"Love tells me I am everything; wisdom tells me I am nothing; In between the two, my life flows."


  • Practice, Part III

    I had promised a continuation of practical considerations for “Practice,” and will outline, in this post, the dimensions of relationship and resources. Let’s begin with resources.

    Depending on where we live, who we are, and what our extended community is like, we may have so many options for classes and workshops and teachings that our head spins and we feel either blessed or indecisive, or a curious mix of the two. We may have especially chosen a city or group that connects us to our own most intimate dreams and ambitions, or we may feel out of place and isolated in the culture we are surrounded by. My experience is that we play a decisive role in our experience through the seeds of intention we plant and the “samskaras” or karmic baggage we carry. In my mind, one’s karma is also one’s dharma, and the obstacles and difficulties in our path are also our greatest tools and gurus. With that as an essential principle, there are also the day to day questions of whether we practice at home or in a group setting, of whether we subscribe to “Yoga Journal” or attempt to decipher the plethora of ancient texts, of whether we embrace contemporary innovations on practice or seek the source. My guidelines for making the best use of our resources can be summed up in three words: simplicity, humility, and gratitude. Whether you are setting aside time to notice how different gestures (mudras) of the hands correspond to different states of mind, or chanting, or mastering a certain sequence of poses, practicing simplicity, humility, and gratitude will prime you to receive what you need, and let go of what doesn’t serve you – to be in a balanced relationship between being and doing.

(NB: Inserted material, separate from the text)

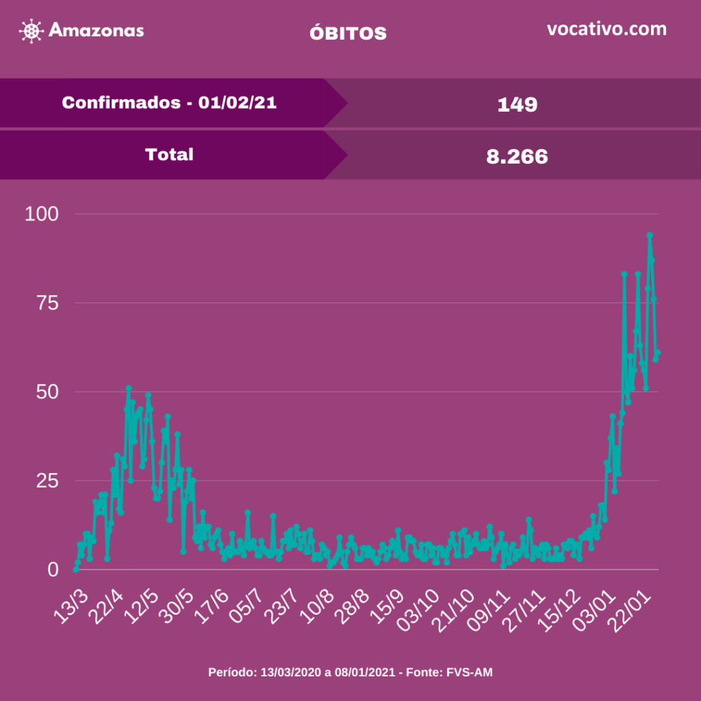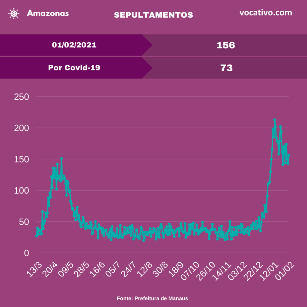 Óbitos – Foram confirmados 149 óbitos por Covid-19, sendo 61 ocorridos no dia 31/01 e 88 óbitos foram encerrados por critérios clínicos, elevando para 8.266 o total de mortes (5.693 em Manaus e 2.573 no interior). A Prefeitura de Manaus contabilizou 156 sepultamentos nos cemitérios da capital nesta segunda-feira, sendo 73 confirmados por Covid-19.

    This is a good segue for our next consideration which is just that – “relationship.” One of my favorite teachers, Bonnie Bainbridge Cohen, once described “center” as “balance around an empty space.” Take a moment to contemplate that. There’s an intuitive knowledge there – a sense of both dynamism and receptivity, of nothingness and miraculous creation.

    To consider our relationship with practice brings up some big questions – “What are we striving for?” “Are we able to be in the moment?” “Is the practice feeding our body, our mind, our soul, our spirit, or all of the above?” “Are we only doing what we are doing because everyone else is doing it, and if so, is that o.k.?” “Is our relationship with our practice – transactional, rooted in transmission, or a failure of imagination?” In most cases, it is enough to begin to ask – to be with our questions with care and curiosity, rhythm and devotion. As we ask and open ourselves to finding out, we realize how powerful our choices and our beliefs are, and our practice becomes an affirmation of our authenticity and value – our core beauty and goodness.